**WHAT IS REQUIRED:** Beginning with the line that holds "Full Size Gaming", copy each line exactly through the end of the entries, but leave the pictures out.

**EXTRACTED RECORDS:**
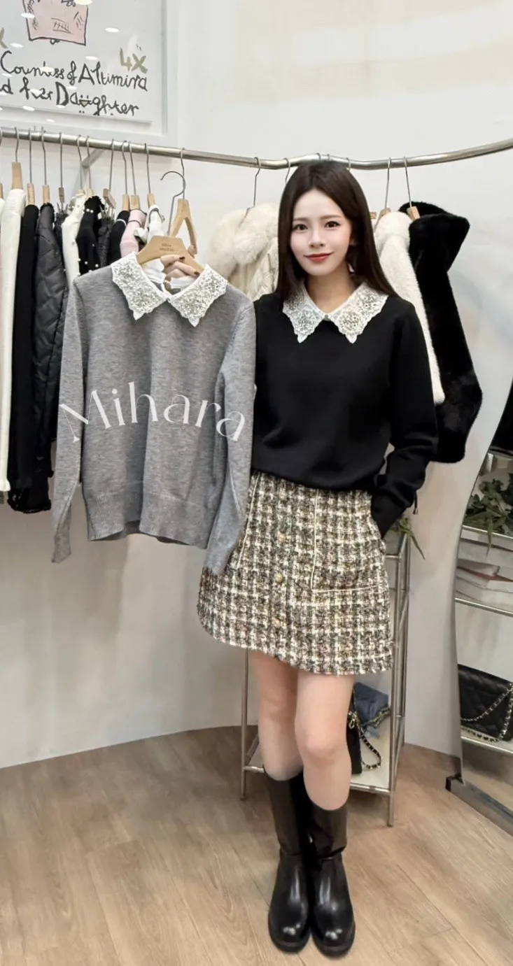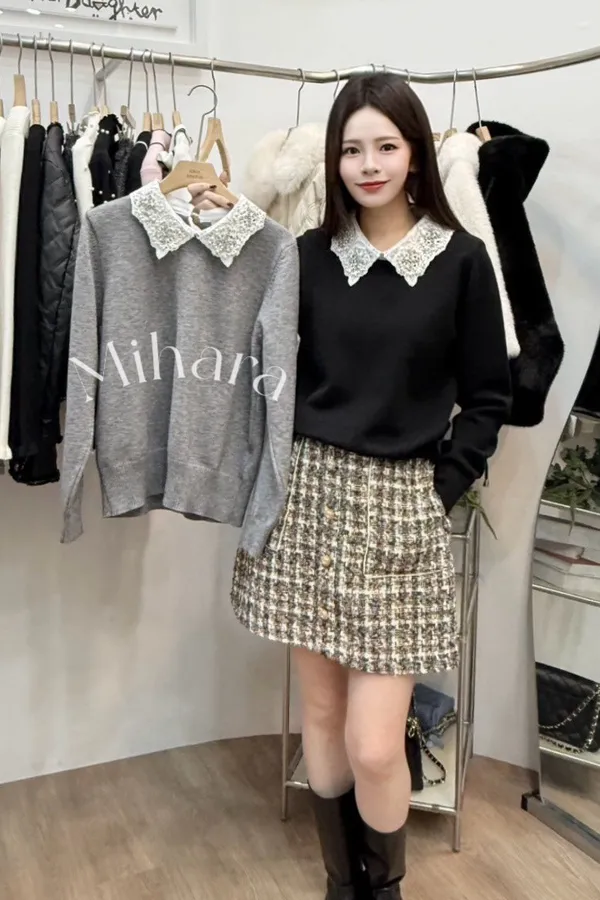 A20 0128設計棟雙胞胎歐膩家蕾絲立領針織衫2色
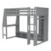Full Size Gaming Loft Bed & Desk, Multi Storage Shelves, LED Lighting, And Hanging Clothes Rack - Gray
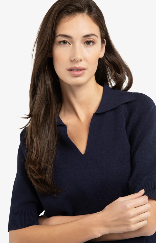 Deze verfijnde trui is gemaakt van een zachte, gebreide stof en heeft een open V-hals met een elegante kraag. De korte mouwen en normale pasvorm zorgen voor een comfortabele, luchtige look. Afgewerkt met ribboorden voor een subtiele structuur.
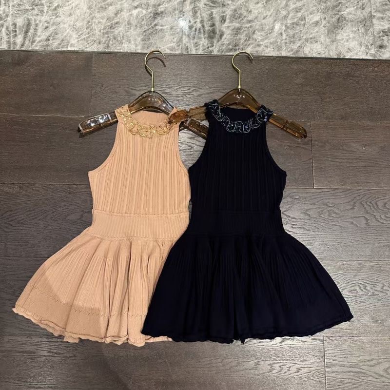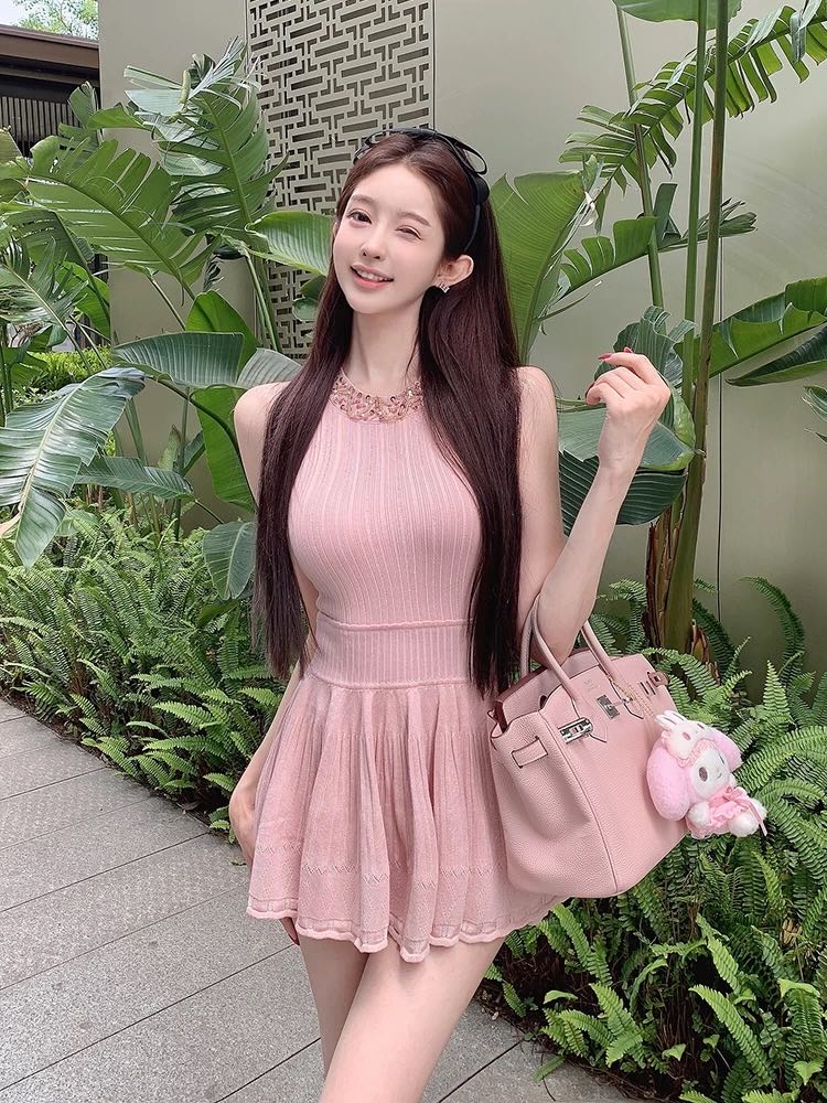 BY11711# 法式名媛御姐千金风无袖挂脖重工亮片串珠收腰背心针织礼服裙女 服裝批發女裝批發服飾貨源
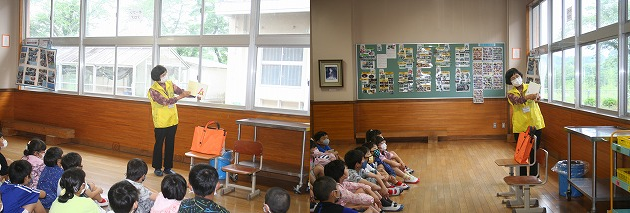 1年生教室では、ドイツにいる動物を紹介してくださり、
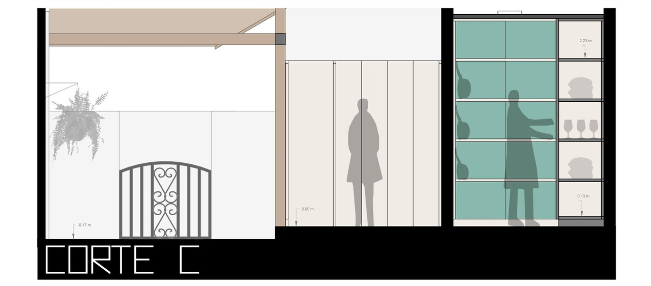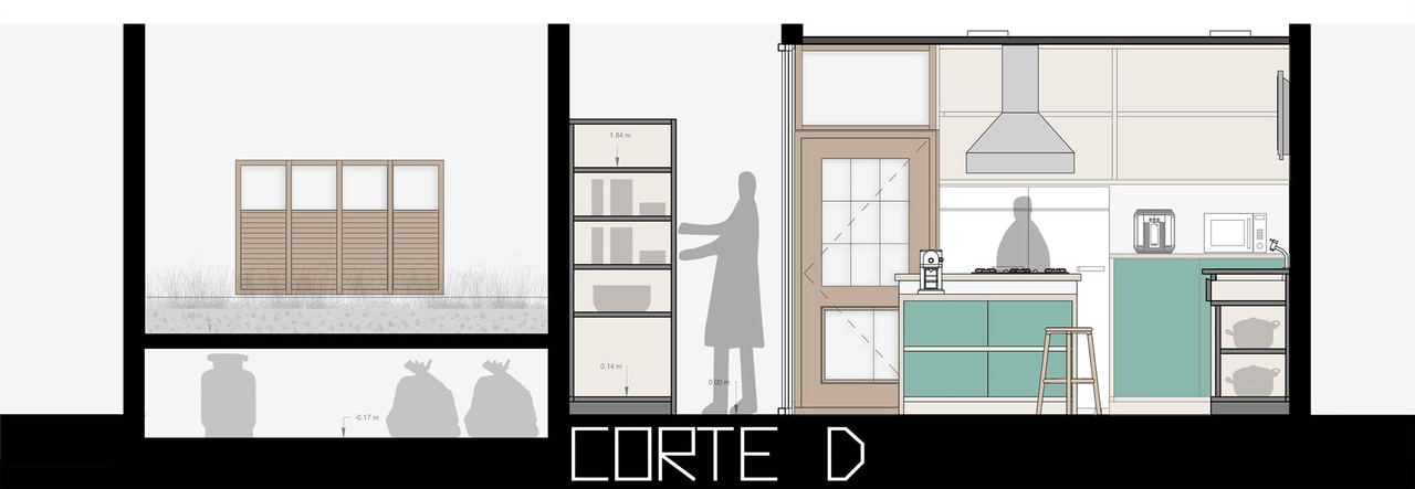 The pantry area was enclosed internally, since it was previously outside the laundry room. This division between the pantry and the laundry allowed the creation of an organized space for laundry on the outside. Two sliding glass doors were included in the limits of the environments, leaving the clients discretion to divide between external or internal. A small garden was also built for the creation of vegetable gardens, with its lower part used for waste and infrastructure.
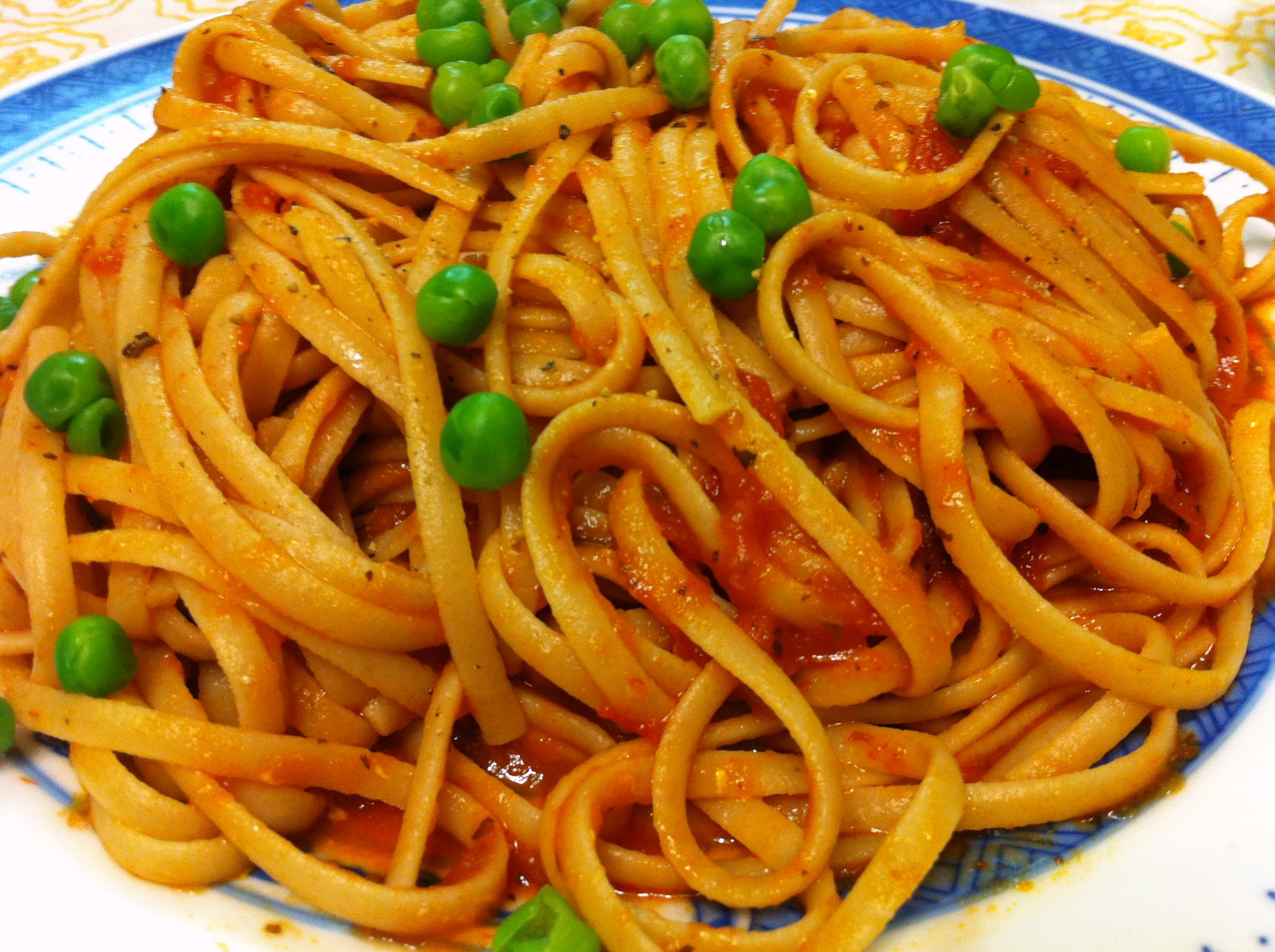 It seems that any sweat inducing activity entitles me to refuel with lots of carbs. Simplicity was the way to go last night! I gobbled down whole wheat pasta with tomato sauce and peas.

**WRITTEN REPLY:**
Full Size Gaming Loft Bed & Desk, Multi Storage Shelves, LED Lighting, And Hanging Clothes Rack - Gray
 Deze verfijnde trui is gemaakt van een zachte, gebreide stof en heeft een open V-hals met een elegante kraag. De korte mouwen en normale pasvorm zorgen voor een comfortabele, luchtige look. Afgewerkt met ribboorden voor een subtiele structuur.
 BY11711# 法式名媛御姐千金风无袖挂脖重工亮片串珠收腰背心针织礼服裙女 服裝批發女裝批發服飾貨源
 1年生教室では、ドイツにいる動物を紹介してくださり、
 The pantry area was enclosed internally, since it was previously outside the laundry room. This division between the pantry and the laundry allowed the creation of an organized space for laundry on the outside. Two sliding glass doors were included in the limits of the environments, leaving the clients discretion to divide between external or internal. A small garden was also built for the creation of vegetable gardens, with its lower part used for waste and infrastructure.
 It seems that any sweat inducing activity entitles me to refuel with lots of carbs. Simplicity was the way to go last night! I gobbled down whole wheat pasta with tomato sauce and peas.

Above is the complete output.